Most of you have read my posts about Mikey. Well, I saw him for the first time since he came back from Iraq...and he was completely different.

Once he got to the states, he called me and/or texted me every single day. He told me (on his own) that he hadn't been with anyone since me, and asked if I had been with anyone since him.

When he got home, he immediately texted me and told me where he was so that I could join him. We had a fun night with friends, and then spent the night together.

Every night after that, he would contact me to tell me where he was (sometimes we'd talk during the day too). We'd get together and spend the night together (not always having sex...sometimes we'd just hold each other all night).

He was very distant...even his mother noticed that. He wasn't his usual "party monster" type self....he was quiet.

When he left, he was even more quiet...and said that he would explain later...that it was nothing about me. It was him and his feeling. Then he thanked me for a great weekend.

He talked to his uncle for awhile, and he told me parts of the conversation. He didn't want to celebrate the holidays because the men he'd lost didn't get to celebrate...so why should he? His uncle told me to give Mikey time...that he had issues he had to work out. But Mikey never asked me for time. He just pushed me away.

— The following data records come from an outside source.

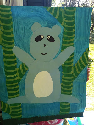 Friday we created Koi Fish Ponds inspired by Claude Monet. We started by using Tempera Paint and Pastel to do a wax resist to add lines and color into our ponds. Covering the piece of white paper with different colored paints was a lot of fun in itself! While the paintings dried, we cut out lily pads which were green versions of Pac-Man, and added tissue paper for the lily's.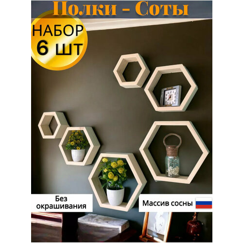 Комплект полок соты 6 шт массив сосны Натуральное дерево, Полка настенная навесная набор 6 шт, полка на стену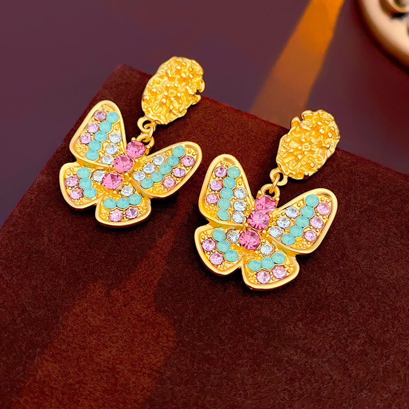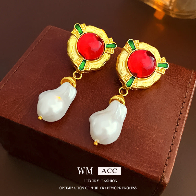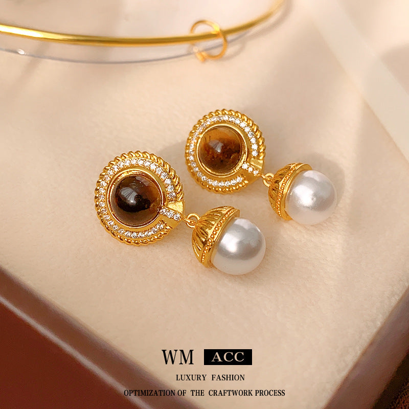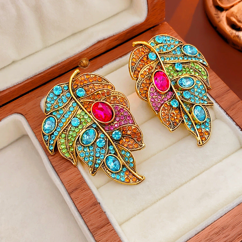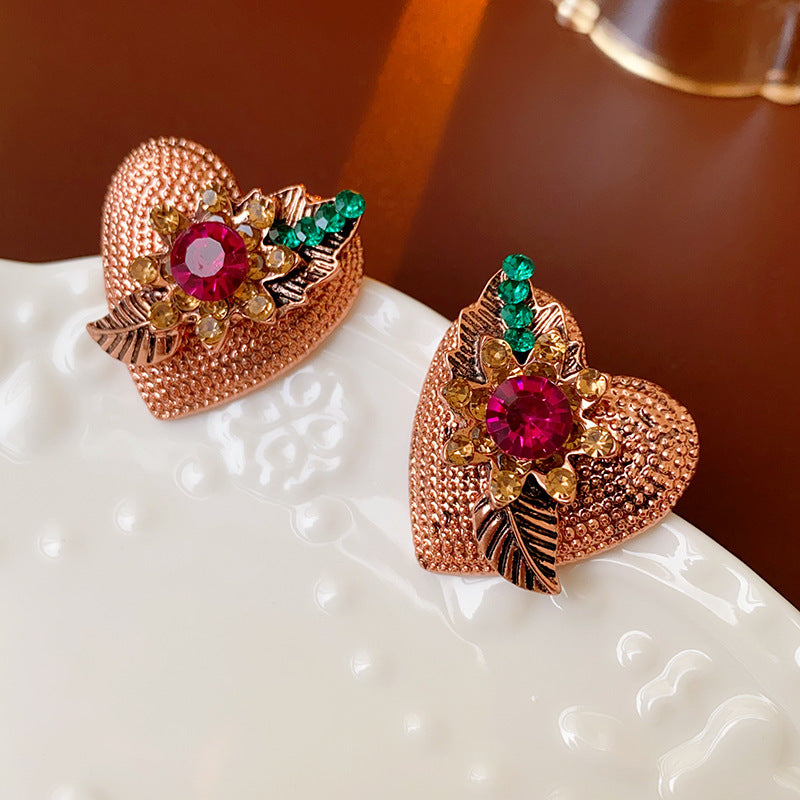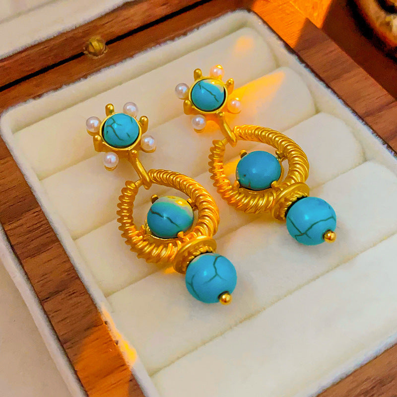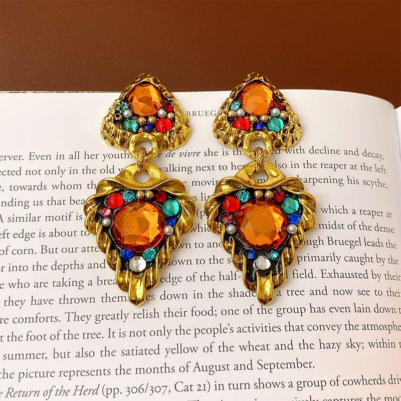 HOT ! Mid-century Modern Round Geometric Copper Diamond Inlay Earrings

And Mikey just kind of...sat there. Even when all of us went out, he'd just sit there and watch his parents play pool. Or sometimes he'd talk to his best friend...but only if the FRIEND got him started in a conversation. He wouldn't initiate anything.

I broke it off with him last night...I told him that it was too hard, because I felt like he kept asking me to spend the night with him, but he acted like he didn't want me around. Granted, he would spend the entire evening with me...but he still acted weird the entire time.

So....he says, "I thought we were doing the sexual thing only." ARGH!

I said that was too hard for me...that my feelings were still too strong for him, etc.

This was all through text. He never responded. I appologized for adding more stress to his life...and he still didn't respond.

I don't know what to do! I love him! I don't know that we'll ever work anything out...but he's not himself at all! I don't want him to think I'm abandoning him.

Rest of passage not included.